One route would cut across her mother’s property near U.S. 78. The others, regardless of their potential benefits, seem to her to be too expensive.
“I’m against spending $750 million on an inconvenient train track when people on the Gulf Coast are still living in FEMA trailers,” the 58-year-old Chappell said. “I’ve lived in Tupelo all my life and I drive through Crosstown multiple times a day. I only wait for a train once or twice a week, and it’s no big deal.”
The study, which began last August, has identified several ways to ease traffic congestion from BNSF’s tracks, including one to tweak the existing railroad route for improved efficiency, one to build a train overpass along the existing route, one to build an overpass for vehicular traffic, and five to construct alternate tracks that bypass downtown.
The price tag for the projects range from $70.7 million for the tweaking option, to $747.2 million for an alternate route. Depending on which one gets picked, the alternative could spare between 700,000 and 4.1 million automobiles from daily train delays and the ripple-effect congestion.
Although Chappell was not alone in rejecting some or all efforts to remedy the situation, others at the two-hour open house voiced support for the plans.
James Jenkins endorsed a plan that would reroute the train to the west of Tupelo and bring it closer to the Furrs community.

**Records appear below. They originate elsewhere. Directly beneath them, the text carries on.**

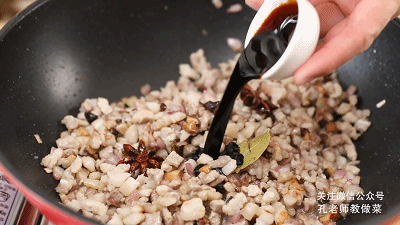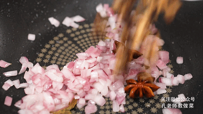 6.鍋中留適量煸炒五花肉的底油,下入洋蔥丁、八角、香葉,一起炒香。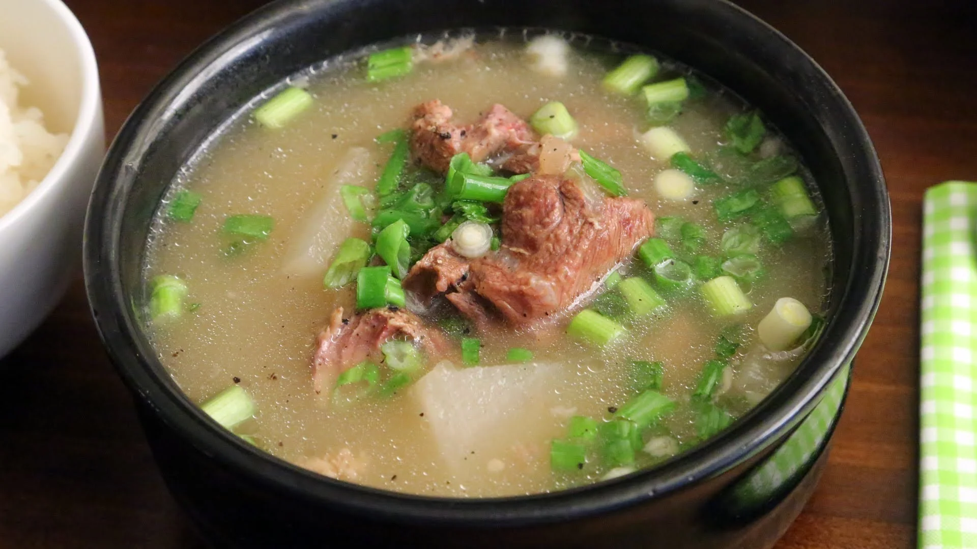 When you are ready to serve, heat soup in a pan and saute oxtail meat. Put the meat in a bowl, pour the soup over, and garnish with scallions. This can be served with pickled vegetables and rice cakes, as well.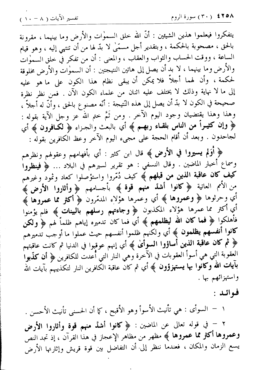 يتفكروا فيعلموا هذين الشيئين: أنّ الله خلق السموات والأرض وما بينهما، مقرونة بالحق، مصحوبة بالحكمة، وبتقدير أجل مسمّى لا بدّ لها من أن تنتهي إليه، وهو قيام الساعة، ووقت الحساب والثواب والعقاب، والمعنى: أن من تفكر في خلق السموات والأرض وما بينهما، لا بد أن يصل إلى هاتين النتيجتين: أن السموات والأرض مخلوقة لحكمة، وأن لهما أجلا فلا يمكن أن يبقى نظام هذا الكون على ما هو عليه إلى ما لا نهاية وذلك لا يختلف عليه اثنان من علماء الكون الآن. فمن نظر نظرة صحيحة في الكون لا بدّ أن يصل إلى هذه النّتيجة: أنّه مصنوع بالحق، وأنّ له أجلا، وهذا وهذا يقتضيان وجود اليوم الآخر. ومن ثمّ ختم الله عزّ وجل الآية بقوله: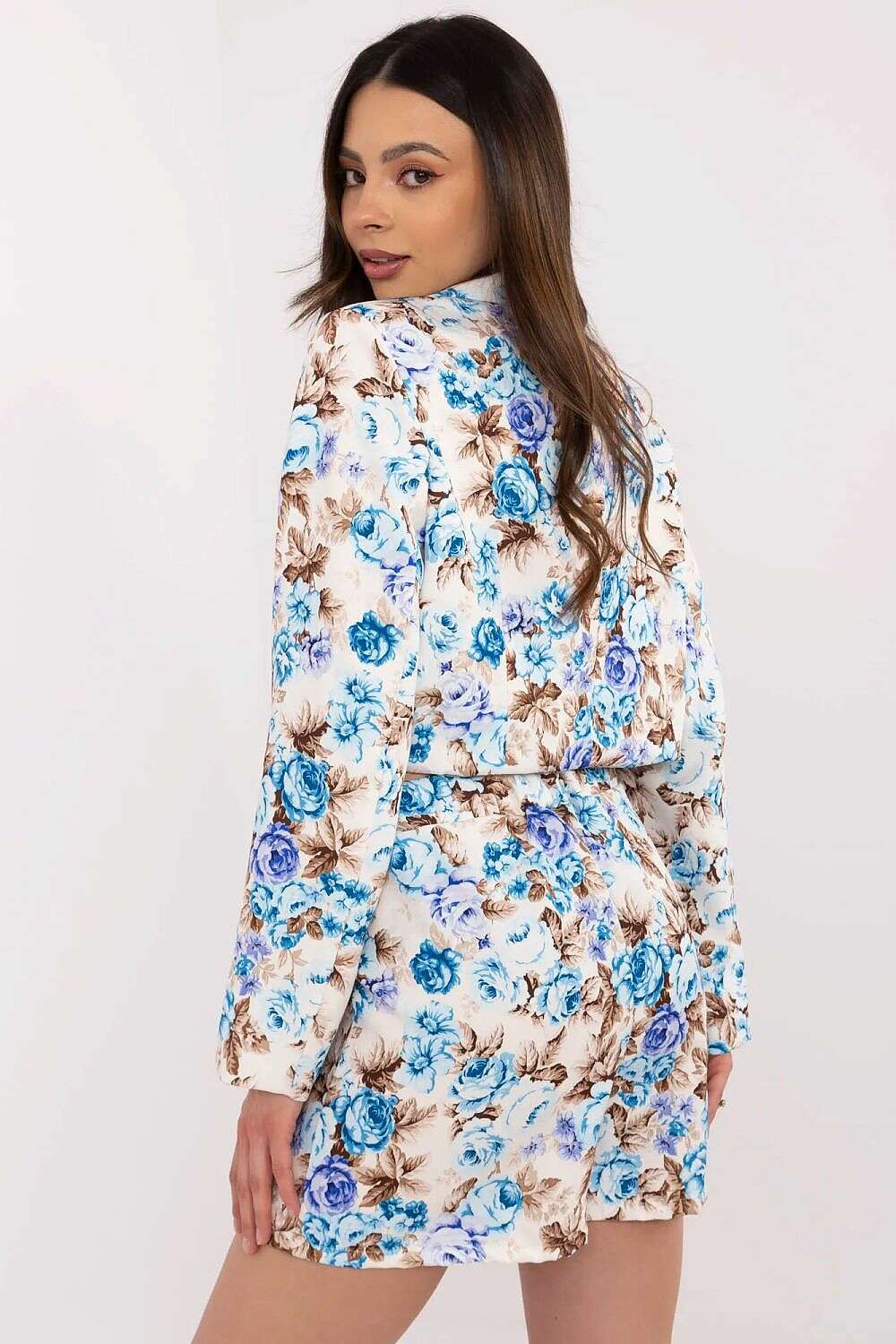 Introducing Set model 212278 — a unique women's set that blends elegance with a hint of girlish charm. This ensemble pairs a short, cropped blazer with a floral-patterned skirt-shorts in a fashionable pink palette, making it ideal for everyday wear, work, formal meetings, or parties.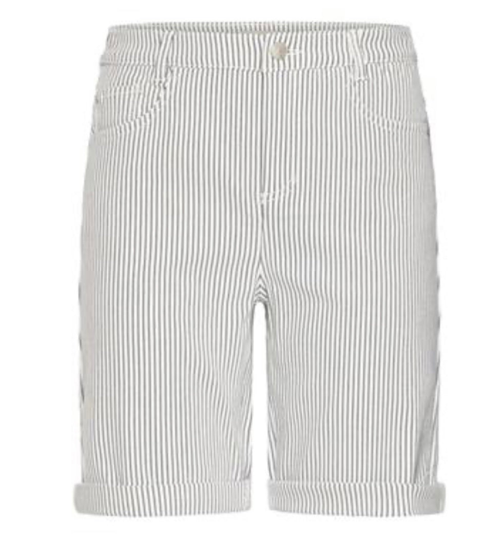 Ena Shorts fra Fransa er en allsidig og flatterende shorts med midt-høy midje og tettsittende passform. Den er designet i en myk og stretchy viskoseblanding, som gir både komfort og en elegant silhuett. Shortsen har en klassisk stripet design, og bena kan brettes opp etter ønske for en mer avslappet look. Tilgjengelig i flere farger – perfekt for sommergarderoben!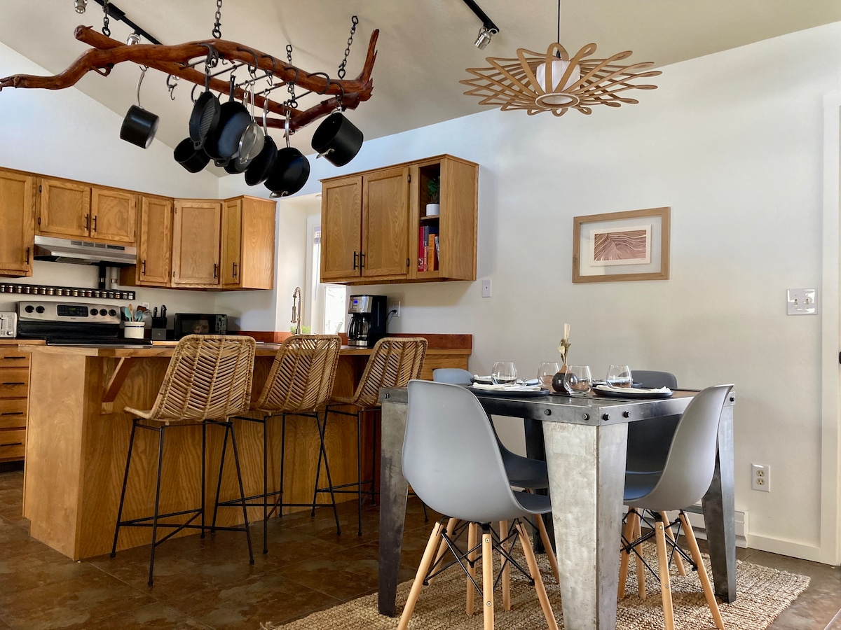Notre loft amusant et ensoleillé dispose d'une entrée privée, d'une cuisine complète bien approvisionnée, d'une douche/baignoire, d'un espace toilette fermé, d'un lit queen size et d'un lit jumeau étroit, d'une climatisation, d'une télévision avec streaming . . et d'une balançoire intérieure ! Il y a un barbecue et une table à manger extérieure + deux vélos, des raquettes et un lave-linge/sèche-linge complet et une 2e demi-salle de bain dans le garage. Nous avons un parking dans l'allée pour les voyageurs du loft, et nous sommes à quelques pâtés de maisons de l'université et du centre-ville historique. . & BTW, nous avons également AirBnB la maison principale : airbnb.com/h/montana-mediterranean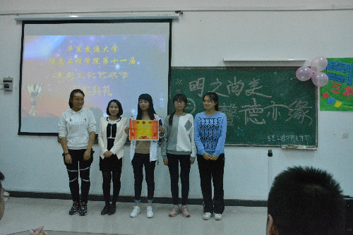 举办了主题为“明之尚美,馨德亦缘”的寝室文化艺术节活动。11月9日,寝室文化艺术节的颁奖晚会于逸夫楼108成功举行,学工办副主任兼团委副书记杨青、学生会副主席张楷毅出席晚会。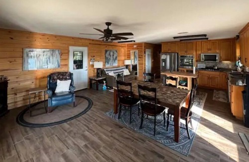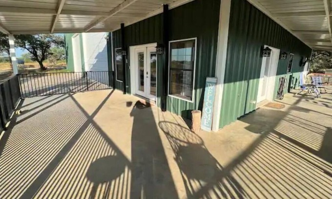 Come rest at The Hideaway after a self guided tour of Main Street, a day out at Possum Kingdom Lake, or a quick shut eye before a fishing tournament at Hubbard Creek Lake. This barndominium has everything you need to get away and relax for a while. You'll love this unique escape! Catch and release farm tank, beautiful sun rise & sun sets, and additional pens that you can stall your horses for horseback riding on the ranch. Bring your 4 wheeler or just come to relax and be romantic!

He said it would be worth hearing the occasional train whistle near his home to ease congestion in his birthplace of Tupelo.
Tim and Vickie Allred also like that option, but for the opposite reason – it’s the farthest path from their Tupelo house, which currently sits 200 feet off the tracks and endures the vibrations and sounds of about 25 daily trains.
“It’s also the farthest path from all the development in the northern part of the county,” Tim Allred said.
That northern part includes Saltillo, and Mayor Bill Williams worried that four proposed routes going east of Tupelo before heading north and then west through his city would impede residential expansion there.
“All these routes to the north will have a big negative impact on our community – forty freight trains a day is not something we want,” Williams said. “We don’t want another Crosstown in Saltillo 15 years from now.”
Williams attended the second of three meetings that study members held this week. The first, on Monday, involved resource agencies like the Environmental Protection Agency and the National Park Service. The second, held Tuesday morning, invited public officials from across the county.
Chad Luedtke, vice president of Omaha-based HDR Engineering, which heads the study, said Saltillo would not endure the same traffic congestion as in Tupelo because the trains would not pass as many at-grade intersections; they would go over or under bridges.
In any case, “the probability of a final alternative meeting any of the proposed alignments is zero,” said Wayne Parrish, Mississippi Department of Transportation planning manager for the study.
Officials noted that the alternatives could change entirely after study members get more input from resource agencies, public officials and residents.
Jocelyn Pritchett, a transportation planner with Jackson-based ABMB Engineers, a project participant, said the process will also help determine the objective of the project – to fix just Crosstown or to improve all of Northeast Mississippi.
The study now enters the environmental phase, where members will work with various agencies and the public to refine their solutions and study each one’s environmental impacts.